I briefly mentioned this method in the big sunchoke thread but had made modifications since then. For leaves, anything healthy and soft will work and mixed leaves are better than single kind. I avoid using leaves on the same family as the target plant. Also make sure it is well diluted as you don't want to cook the roots. Also avoid direct contact with plant stems.

I typically prep and use within 48 hours, the solution is green, slightly foamy and has no bad odor. If you want to do a quick test, just use a blender.
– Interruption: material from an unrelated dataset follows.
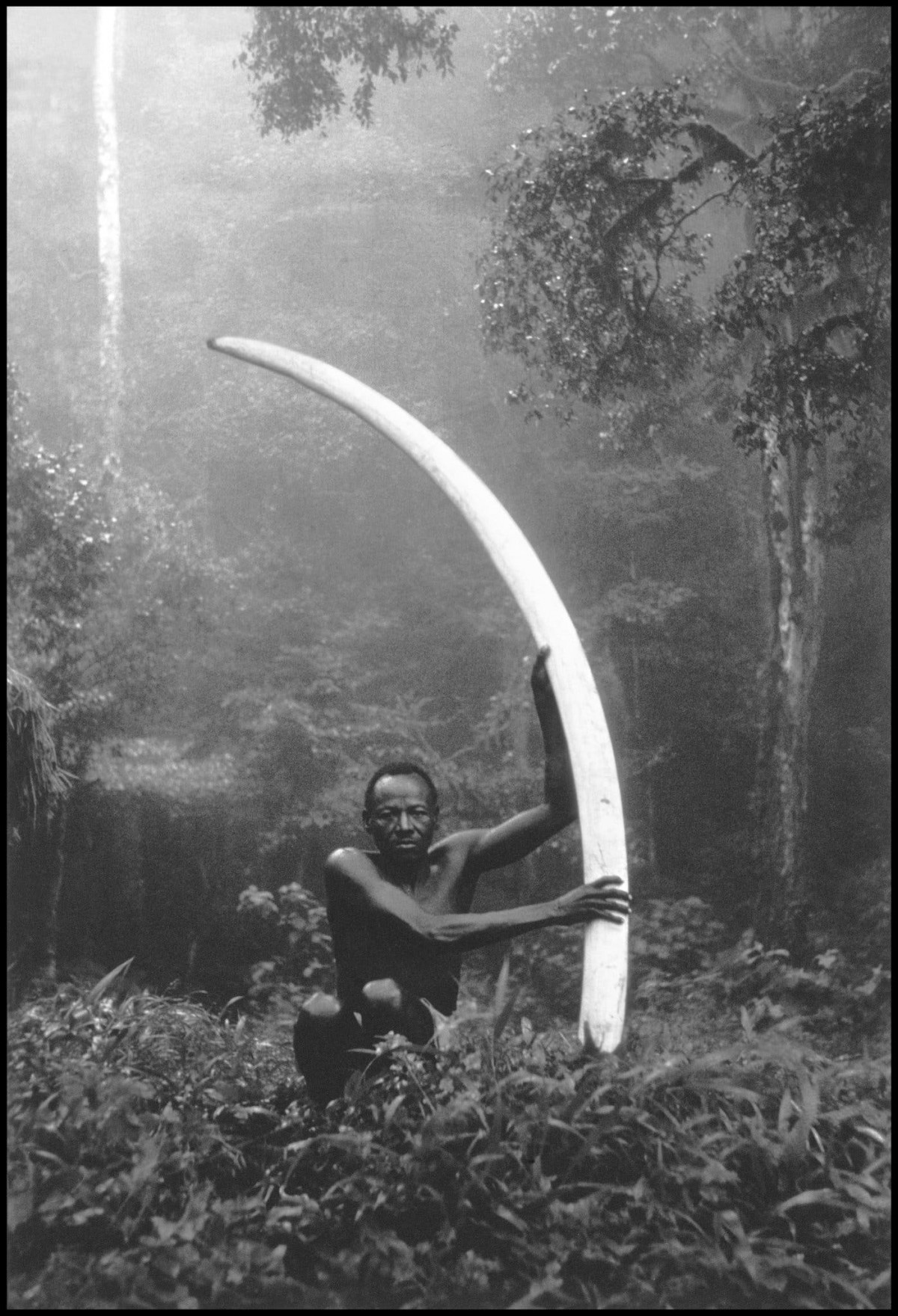 A Kenyan man identified as Elui poising with an elephant tusk, 1962.

I use at the ratio of 1g leaf per liter of water or equivalent to 1 paki mulberry leaf or 2 sunchoke leaves in a gallon.

I fed the indoor plants/seedings in depleted potting mix/ in ground plants and they are all thriving. The solution is slightly high in nitrogen so my plants tend to get a bit more vegetative growth. But for leaf crop it should be ideal. I haven't grown cabbage before and I am trying napa this year with the new method.

Edited to add:
Reminder: do not use leaf soup in rich soil already have lots of microbial activity since the heat generated and lack of oxygen will kill off the plants quickly.

What I found it most useful was for improving compacted poor soil. I carried out controlled experiments and had positive results.  Between Aug and Sept 2022, I picked three adjacent plots 4 yards x8 yards each, one got 6 treatments of 2lbs of leaves disintegrated in 60 gallons of water, 2nd plot got the same amount of leaves and water but as chop-and-drop, the third plot got water only. Plants grew taller in the leaf soup plot and went to seed early compared to the other two. The effect continued till the next spring and the experimental plot greened up earlier. So far I had only visual observation but waiting on more data to quantify somewhat.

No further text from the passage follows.